Guinea held its first national day of reconciliation Monday, less than a week before the country's much-awaited presidential election.
Just six days away from a presidential poll that many hope will be Guinea's first free and fair vote since independence, the country celebrated another first.
Officials launched the country's first national day of reconciliation Monday in Conakry.
Interim President Sekouba Konate calls on Guineans to forgive each other. He says just as we should be able to remember the past, we should also sometimes be able to forget it in the interest of national unity. He says on this solemn occasion, he asks forgiveness from all Guineans on behalf of his predecessors and all authorities who have committed abuses and attacks. He says "I'm sorry, I'm sorry, I'm sorry."
It is a time of tenuous transition and great optimism for Guinea, as the country tries to turn the page on more than 50 years of dictatorial rule and two years of political crisis.
In September of last year, more than 150 people were killed and dozens of women raped during a military attack on an opposition protest in Conakry, sparking international investigations.
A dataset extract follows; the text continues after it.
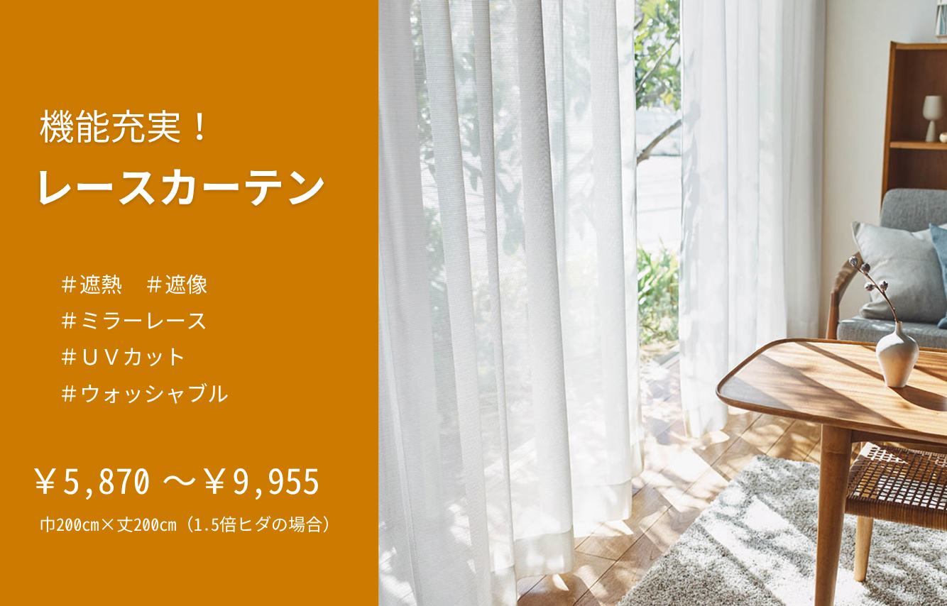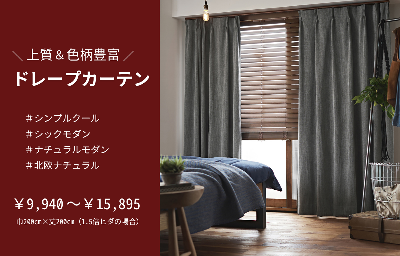 新着情報 2025.12.16 【2026年1月19日】システムメンテナンスのため、一部決済利用不可のお知らせ 2025.12.16 【初めての方へ】カーテンの料金体系について 2025.12.02 年末年始休業のお知らせ おすすめ特集 新生活応援セット 無地調の遮光ドレープカーテンと機能性レース(遮熱ミラー/遮像)のセット商品。好みの色をさっと選んですぐにプライバシーを守りたい方に。 おトク!お買い得品 遮光ドレープと遮像レースをラインナップ。おトクで良い商品をご用意しました。 安心の遮光カーテン! シャッターがないお部屋のプライバシーを守ります。夏は日差しをカットし、冬は保温効果も! やっぱり無地が好き! 豊富なカラーバリエーションと生地感からお選びいただけます。 シンプル&クール すっきりとしたデザインと上質感でさりげなくスタイリッシュなインテリア空間に。 ホテルライクなモダン空間 落ち着いた大人のモダンインテリアにおすすめのカーテンをラインナップしました! 心安らぐナチュラルデザイン やわらかな質感や優しい風合いで、ほっと心が安らぐナチュラルインテリアにおすすめ!

General Konate is head of the regionally-backed transitional government organizing the presidential election, intended to return the country to civilian government after a military junta seized power in December 2008.
Konate says on June 27 our country, which has already known many challenges in its history, will be confronted by another test. He says Guinea will elect its president for the first time without pressure and in total transparency. He says though certain people think Guinea will emerge divided from these elections, he is convinced that Guinea will emerge stronger and reunited as a country that has once again found its way after repeated tragedies and violence.
Konate also said Guinea should fight impunity and seek compensation and justice for victims.
Hadja Rabiatou Sera Diallo is president of the National Transition Council that organized Monday's event. She says the time has come for a reconciliation founded on truth and justice. She says we must recognize all the serious attacks on their lives and their liberty that Guineans have suffered. This truth and justice, she says, demands moral and material restitution for victims, but it also demands forgiveness.
Election preparations continue this week, as many of the 24 presidential candidates return to Conakry for the last leg of campaigning.
Though logistical challenges remain, such as ensuring polling stations have adequate staff and voting materials, observers from the Carter Center said Monday they are encouraged to see themes of national reconciliation and unity being reflected in, what they called, the largely positive tone of the electoral campaign.
Guineans go to the polls this Sunday.